# What does your 12 year old boy do in his spare time?



## meowmix (Jul 14, 2005)

My son is frequently bored. He is pretty introverted and has a couple friends, but doesn't have a strong desire to spend time with many kids. We have no kids his age in our neighborhood. He is frequently, well, bored and has trouble entertaining himself. So I'm wondering, what do your boys around this age do to entertain themselves? My son likes to play video games or on his ipod. He also listens to music and he likes to practice DJing (he has all the setup to create music, mash ups, etc) and he will go outside sometimes and play around on the lacrosse bounce back net. But he does spend a lot of time on media-video games/ipod games- and I have mixed feelings about that (as does he. He has told me he thinks he spends too much time staring at media). But I'm not sure what to redirect him to since he seems not interested in anything else.

Luckily lacrosse season is about to start up and this will take up some of his down time. I almost feel like he has too much downtime because he doesn't know how to fill it. Suggestions? And I'm assuming it's normal at this age for everything I suggest to be met with an eyeroll or a complaint? He doesn't seem to want to bake or cook, draw, read a book, walk the dog, etc.


----------



## singin'intherain (Feb 4, 2006)

My daughter went through a similar experience at this age. She reached a point where she had spent enough time being a kid, it seemed like there was nothing new or engaging to do anymore. She wasn't old enough to do teenage or adult things, either. She is extremely introverted, so she really turned to herself. She developed what she calls her "mind world", a complex story that continually evolves. Now that she's 15, she's starting to do some really cool stuff with all that creativity.

I'm not suggesting your son should lock himself in his room for 3 years, just pointing out that what he's doing is probably developmentally appropriate. As much as you have time and resources, maybe you can find ways to show him that there's more out there than he has ever dreamed. Maybe you have things that have always created a sense of wonder in your mind, that you could share with him. Maybe you could have some conversations about what kinds of things amaze him. A lot of kids are excited by the idea of surviving in the wilderness- at that age, he is old enough to take a survival class, and get a lot out of it. If he's interested in video games, he is the perfect age to start learning how to make his own. My dad and stepmom gave my half brother a trip to Africa for his 13th birthday, to be redeemed before age 19. They didn't plan an itinerary or name a date, just left it open so that he could imagine himself as someone who could go to Africa (he just recently cashed in on the present, to take advantage of a college exchange student program).
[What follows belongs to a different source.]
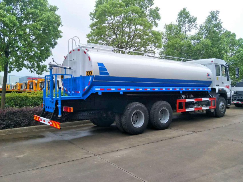 有免征公告,可以免購置稅,嚴(yán)格按照公告尺寸生產(chǎn),罐體實際容積20方,罐體采用國標(biāo)武鋼碳鋼板材制作,帶泵,可泵進泵出,帶前沖、后灑、側(cè)噴,后工作平臺帶綠化高射炮。平臺上安裝鋼制芯專用大功率綠化灑水高炮(炮有直流狀、大雨、毛毛雨、霧狀可調(diào)節(jié),可噴灑農(nóng)藥),配備大功率專用灑水泵,帶消防接頭,帶自流閥,帶自吸功能。同時可以用于臨時應(yīng)急消防灑水,每輛灑水車都配備消防專用接口。由發(fā)動機帶動變速箱,變速箱上安裝的取力器帶動灑水泵,灑水泵產(chǎn)生主要動力,將罐體內(nèi)部的液體通過管網(wǎng)噴灑出去。自吸高度:≤7m,灑水寬度:≥20m,最大射程:≥28m;可調(diào)節(jié)成柱狀,射程≥28m;也可調(diào)節(jié)成霧狀,射程≥15m。前噴后灑,前裝有鴨形噴嘴或圓頭沖嘴,后面裝有圓柱開灑水噴嘴或蓮蓬頭噴嘴,后部有一工作平臺,裝配有高壓水炮。后部還可裝8個噴嘴(選裝)噴水器一般用于沖洗街道?蛇x配藥盤、打藥機。也可加裝藥盤、藥泵、罐內(nèi)防腐防銹、多方位進出水接頭、電磁閥、氣動閥等先進設(shè)施,以滿足不同用戶需求。
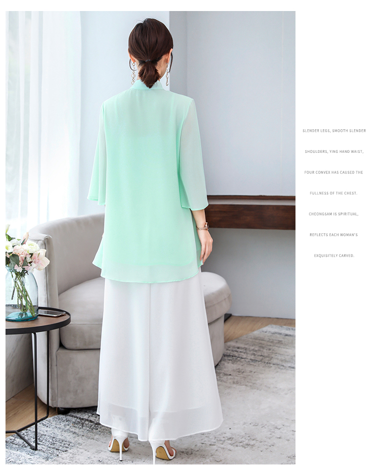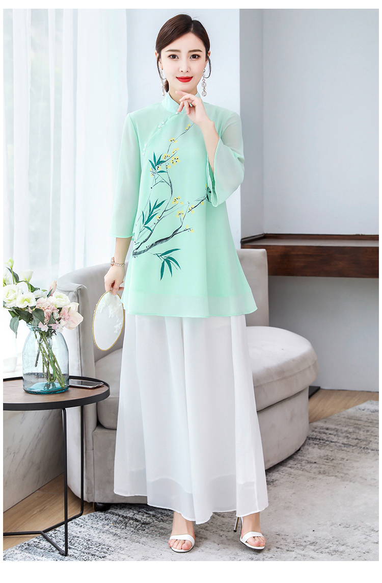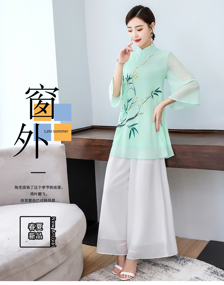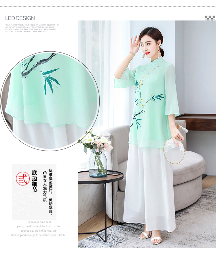 2019夏季新款中國風文藝復古優雅禪意茶藝服舞蹈演出瑜伽雪紡上衣1入

My son is 12, and he just started school for the first time. This probably won't help your son, but the idea is the same- he reached a stage where he was ready to move on from childhood activities and start finding his place in the "real" world.
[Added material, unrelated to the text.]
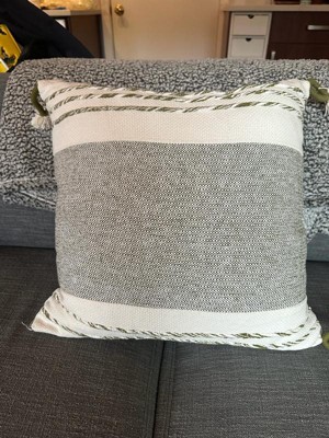 [This review was collected as part of a promotion.] This stylish accent pillow from Rizzy Home is the perfect addition to any living space! It brings cozy, urban farmhouse sophistication with its 100% cotton construction and beautifully woven, knife-edged block stripe design. The moss green and white colorway feels both fresh and timeless, with a two-color woven center panel that adds great dimension. The details are what really make this pillow stand out — the hand-tied looped tassels and twisted yarn roping add incredible texture and charm. The hidden zipper closure keeps it looking sleek, and the best part is that the cover is removable and washable, making it easy to keep fresh and clean. There is a small natural variation in the weave that gives this pillow a unique, handcrafted character — a little detail that makes it feel even more special. Soft yet supportive with its poly-fill insert, this pillow is perfect for adding a bold, sophisticated touch to any smart home décor. Highly recommend for anyone looking to elevate their space with stylish comfort!

I think this is a good age to get the creative juices going, to find a passion and pursue it. The problem is trying to continue choosing from the same old activities.


----------



## meowmix (Jul 14, 2005)

Thanks for the reply! You're right about the surviving. We have watched all the Survivorman episodes (my younger girls like them, as well) and some Doomsday Preppers. Son actually put together a Survival Bag in his room. It's a spare backpack with his swiss army knife, toilet paper







, crackers, bottles of water, etc. I think what is happening right now is that he gets "touched out" at school. It's overwhelming and noisy and full of people all day. So he comes home and doesn't want to do anything else because he needs to decompress. So I guess it is age appropriate and "introverted-appropriate". Lacrosse is starting so that will be good because he likes that and he's on the team with his good friend. I'm trying to find out his other interests and I do look for things he can do within those interests. He is really struggling in school right now so he has a pretty negative attitude about anything new. It seems like a chore to him to learn anything at all. We're actually planning on doing the opposite. Son wants more say in his learning and has a desire to come home. So we're planning on homeschooling next year.

He does love video games, he might have fun learning how to program and design basic games. He's a good writer and cartoonist, but those interests are waning.

Thank you for letting me know your experience. I'm glad this is pretty normal, in your experience, for this age.


----------



## whatsnextmom (Apr 2, 2010)

My son is a bit of a lug lately at 13. My daughter was too at that age. This is a good age for structured activities as it insures they'll be out and about for at least part of their day. For example, my son takes piano, karate and plays on a rec basketball team year round. It's not intense club sports or anything but it breaks up the after school slump he is capable of. Every once in awhile we "require" a book. He does enjoy books when he reads them but it's never an activity he thinks of on his own. We found it passed pretty naturally at 14 with DD. We'll see how it is for DS.

I think part of it is just puberty being exhausting. My kids were/are so tired (DS was a later bloomer and DS in the throws of it now.) All that growing and changing takes it's toll.


----------



## mar123 (Apr 14, 2008)

I think some boredom is good for kids. Many kids are so booked all of the time that they really don't have to time to be bored, think about random things, or explore creativity. At that age, my own kids usually had 1-2 hours of homework after school, were involved in either dance or sports, had chores around the house, and we did things as a family. They did and still do, play their share of video games (mostly my son). My girls are always listening to music or chatting with friends.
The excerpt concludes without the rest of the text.